[Start of Attachment]
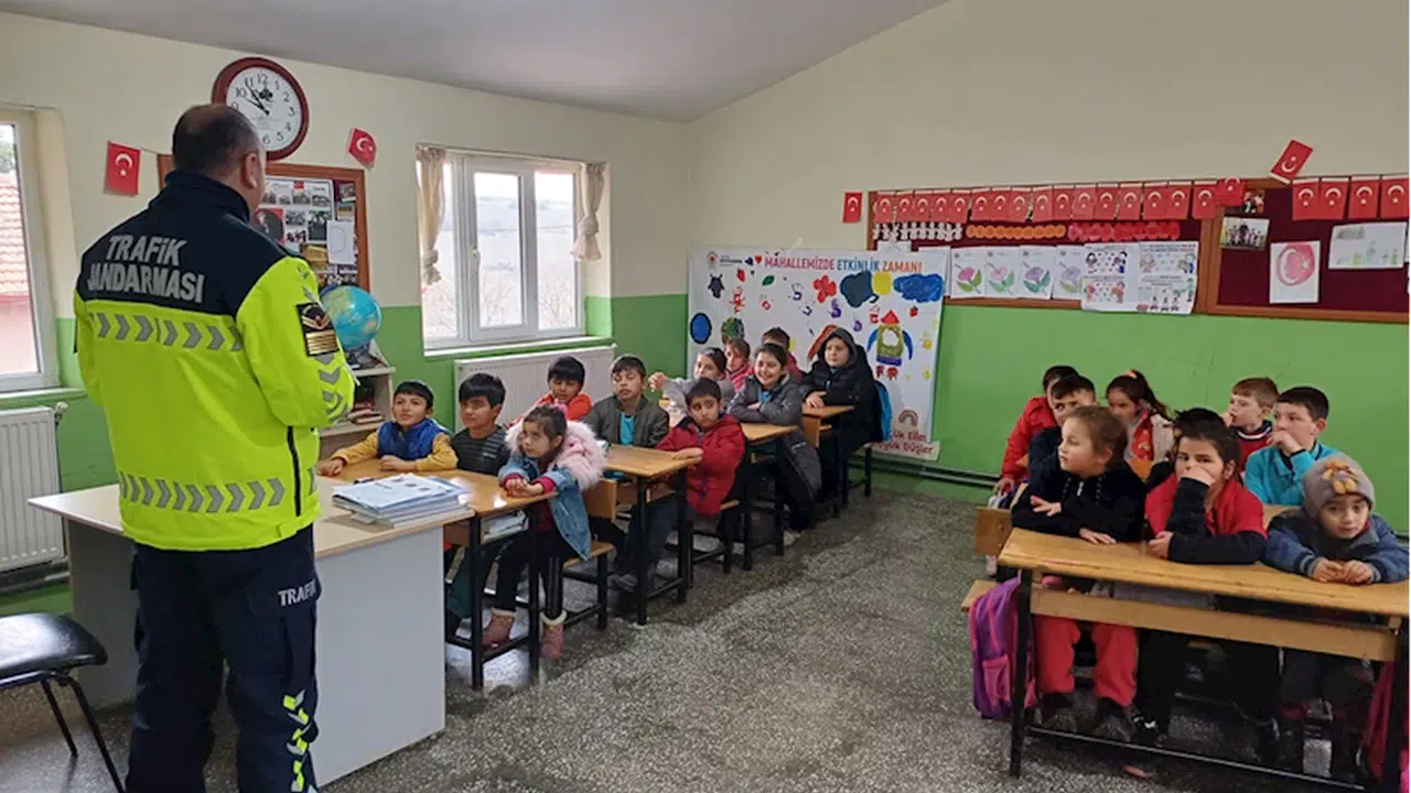 SAMSUN (AA) - Samsun İl Jandarma Komutanlığına bağlı Havza Trafik Jandarma ekipleri, Trafik Dedektifleri Projesi faaliyetleri kapsamında kırsal mahallelerde öğrencilere trafik eğitimi verdi.
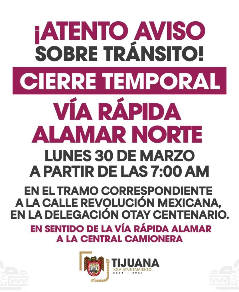 El Gobierno de Tijuana, suspenderá la circulación vehicular temporal de un tramo de la Vía Alamar Norte, a partir de de las 7:00 horas de este lunes 30 de marzo, como parte de las acciones de rehabilitación de la infraestructura pluvial de la zona.
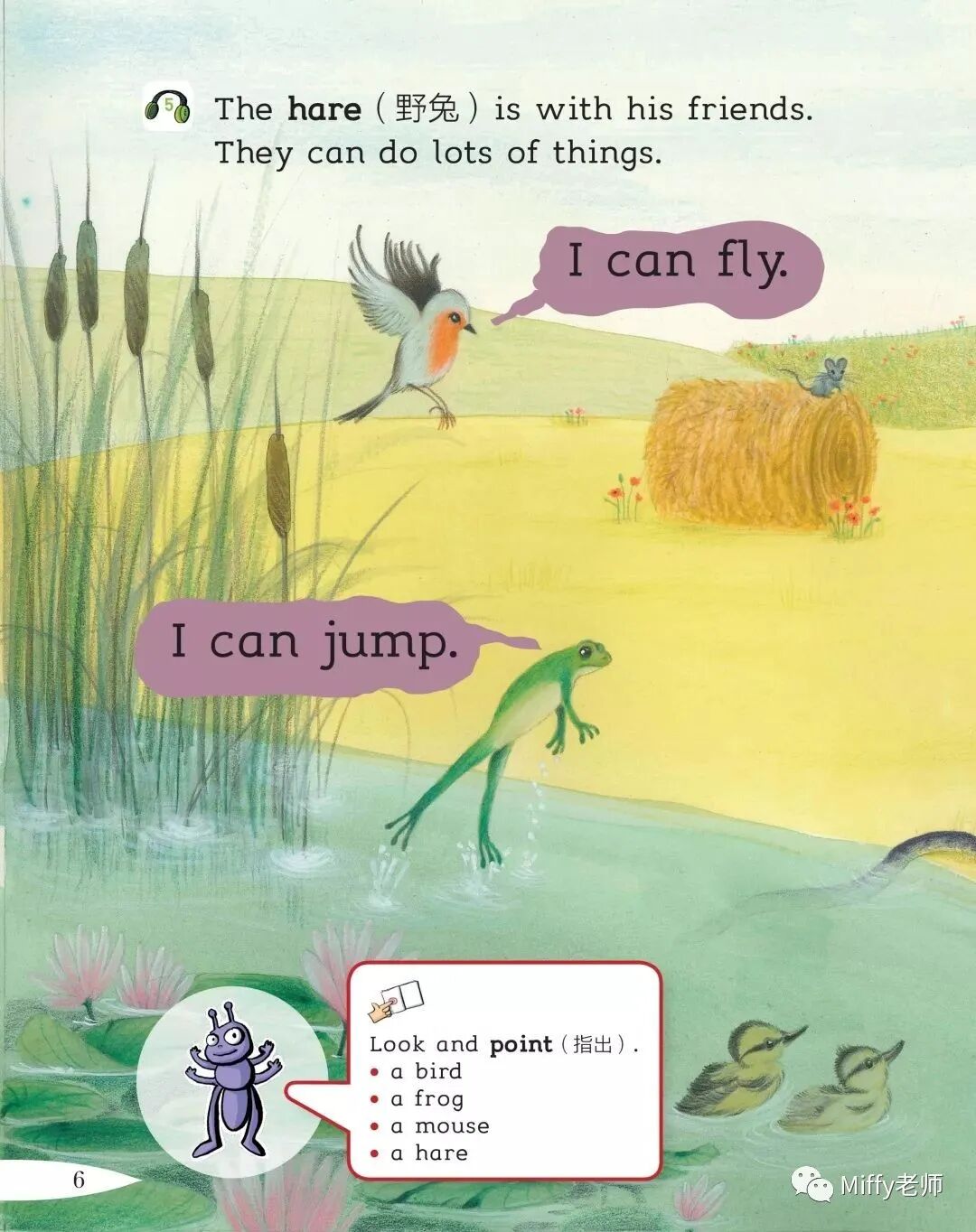 The frog says:“I can jump.” 青蛙说:“我会跳。
[End of Attachment]
### Your assignment
Without including any picture, reproduce the material above word for word.

### Expected answer
 SAMSUN (AA) - Samsun İl Jandarma Komutanlığına bağlı Havza Trafik Jandarma ekipleri, Trafik Dedektifleri Projesi faaliyetleri kapsamında kırsal mahallelerde öğrencilere trafik eğitimi verdi.
 El Gobierno de Tijuana, suspenderá la circulación vehicular temporal de un tramo de la Vía Alamar Norte, a partir de de las 7:00 horas de este lunes 30 de marzo, como parte de las acciones de rehabilitación de la infraestructura pluvial de la zona.
 The frog says:“I can jump.” 青蛙说:“我会跳。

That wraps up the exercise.